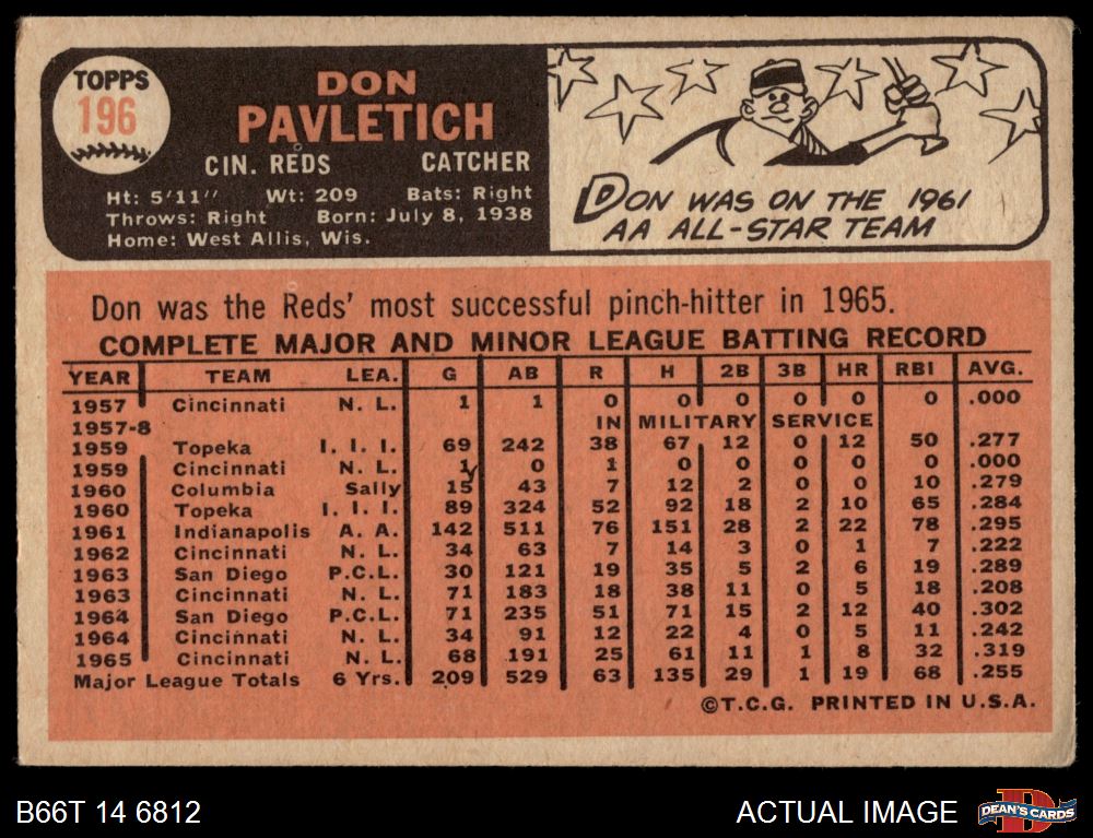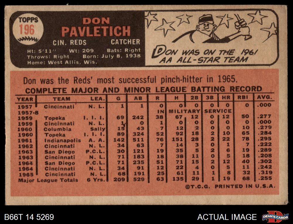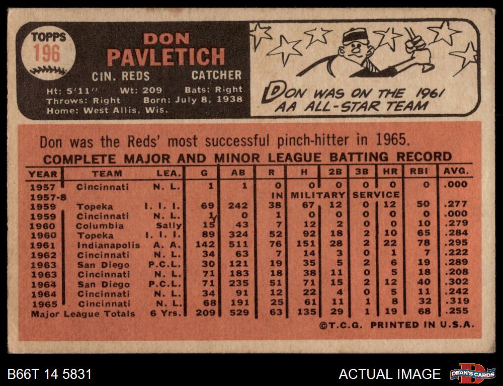 1966 Topps #196 Don Pavletich 2 - GOOD
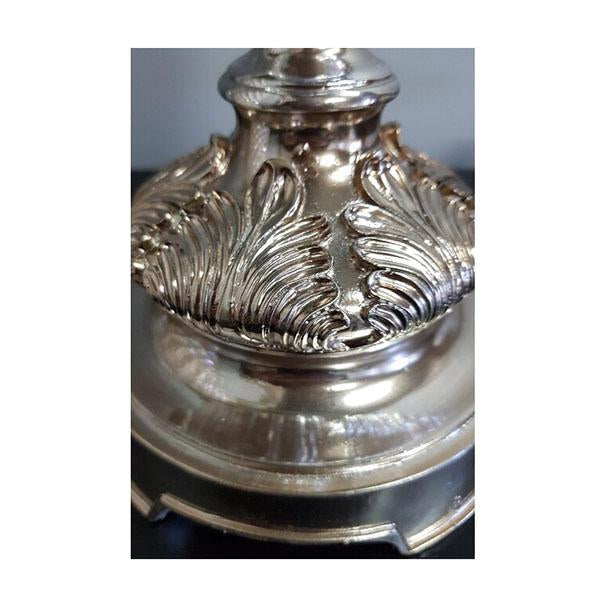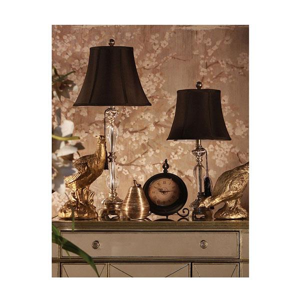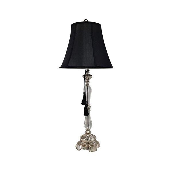 One of our best selling table lamps the Felicienne Champagne Table Lamp Base is made of Polyresin & Perspex. Comes with a black medium bell Shade with an American fitting (harp & finial provided) Black Tassel is attached to base to add to the beauty of this lamp. It needs a bayonet fitting bulb up to 60 watts. The complete lamp height (base & shade) is 84cmh. It has a black cord & cord-line switch.
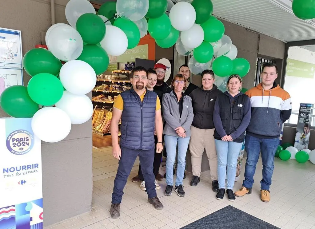 L’équipe du magasin avec de gauche à droite : Cédric, Ilona, Stéphane, Murielle, Enzo, Ambre, Audrey et Valentin. © Magasin Carrefour contact
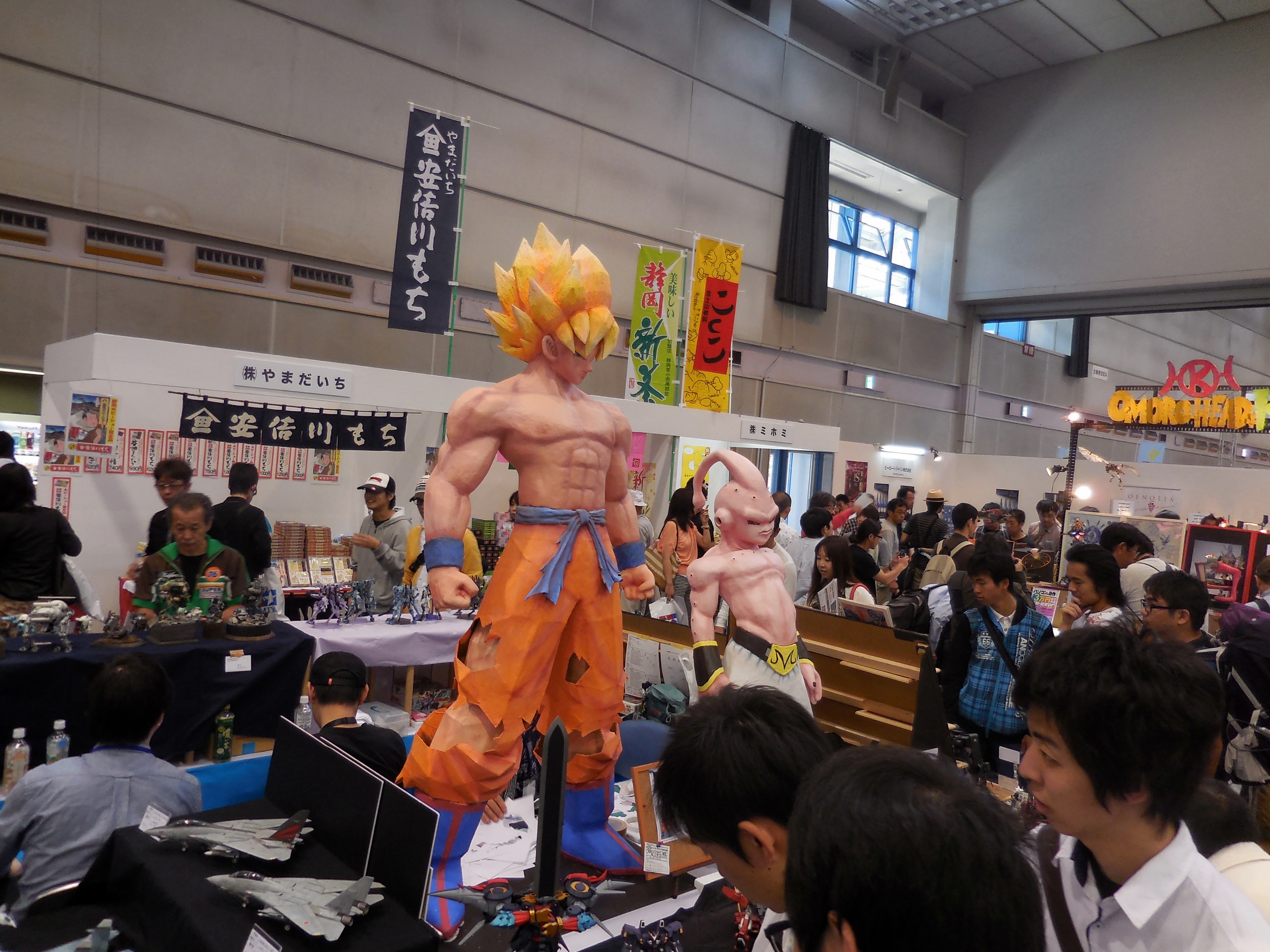 Left: There were LOTS of Yamato kits on display this year. You will see plenty of pictures like this in this gallery. Right: Big huge Dragonball Z character. I don't know who it is. I've only caught a few Dragonball Z episodes in my life, and without fail every time it featured guys with spikey hair screaming at each other in a pseudo-Chinese-ish desert, while other characters walk around in heaven with halos on their head. So you want to know why I don't care for Dragonball? That is why. It's not really my thing.
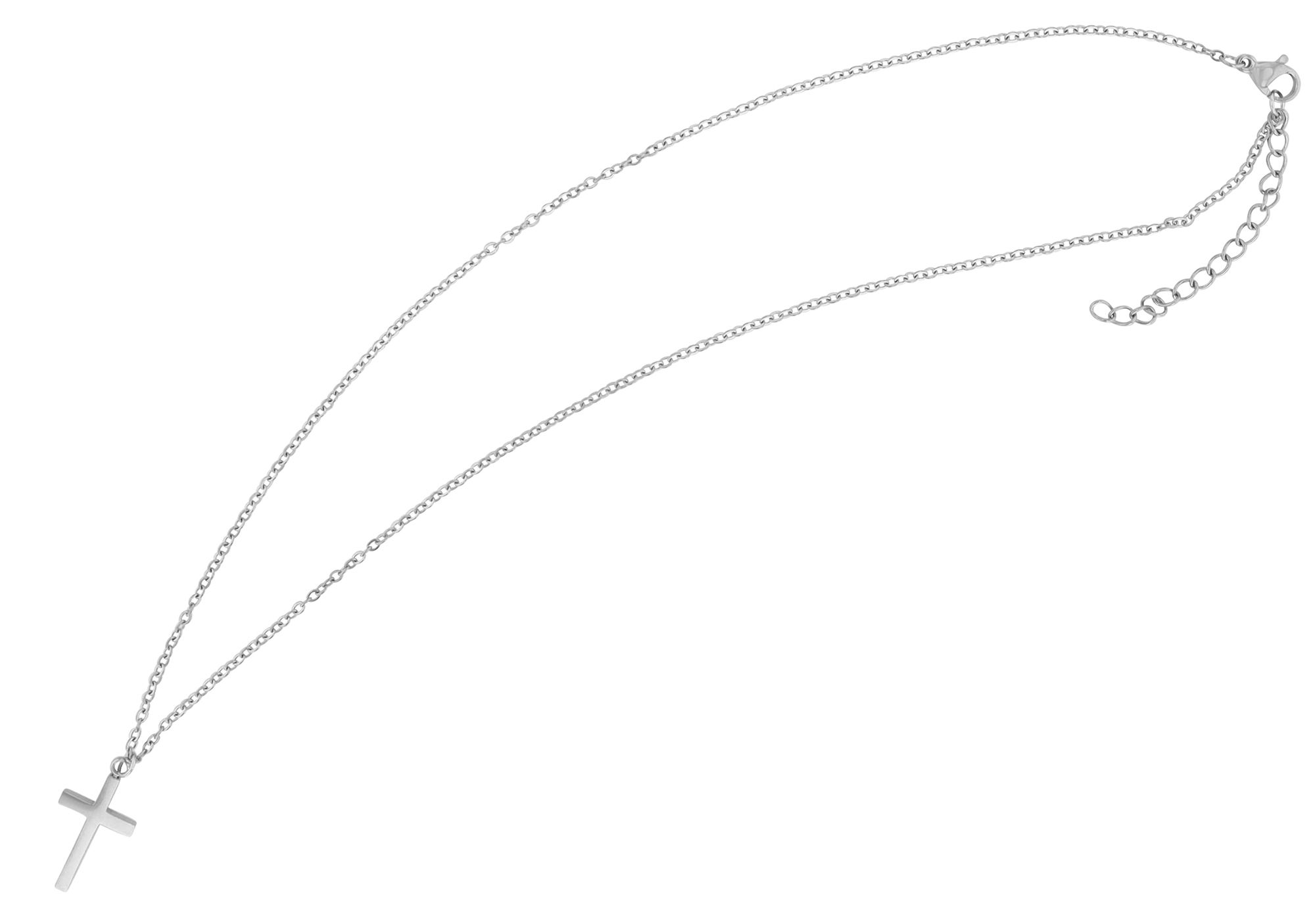 Productinformatie ""Eila" - Kruis met roestvrijstalen ketting, 42+5cm, zilver"
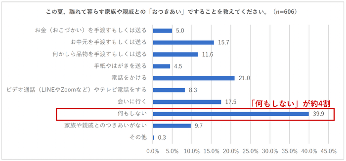 「離れて暮らす家族や親戚とのおつきあいで何をするか」の質問に対しては、最多が「何もしない」39.9%、次いで「電話をかける」21.0%、「会いに行く」17.5%だった。

§ §

GOAL OF THE EXERCISE
Beginning at the line that contains "One of our best", transcribe it and every later line through the last line of the data above, exactly, and drop the pictures.

WORKED SOLUTION
 One of our best selling table lamps the Felicienne Champagne Table Lamp Base is made of Polyresin & Perspex. Comes with a black medium bell Shade with an American fitting (harp & finial provided) Black Tassel is attached to base to add to the beauty of this lamp. It needs a bayonet fitting bulb up to 60 watts. The complete lamp height (base & shade) is 84cmh. It has a black cord & cord-line switch.
 L’équipe du magasin avec de gauche à droite : Cédric, Ilona, Stéphane, Murielle, Enzo, Ambre, Audrey et Valentin. © Magasin Carrefour contact
 Left: There were LOTS of Yamato kits on display this year. You will see plenty of pictures like this in this gallery. Right: Big huge Dragonball Z character. I don't know who it is. I've only caught a few Dragonball Z episodes in my life, and without fail every time it featured guys with spikey hair screaming at each other in a pseudo-Chinese-ish desert, while other characters walk around in heaven with halos on their head. So you want to know why I don't care for Dragonball? That is why. It's not really my thing.
 Productinformatie ""Eila" - Kruis met roestvrijstalen ketting, 42+5cm, zilver"
 「離れて暮らす家族や親戚とのおつきあいで何をするか」の質問に対しては、最多が「何もしない」39.9%、次いで「電話をかける」21.0%、「会いに行く」17.5%だった。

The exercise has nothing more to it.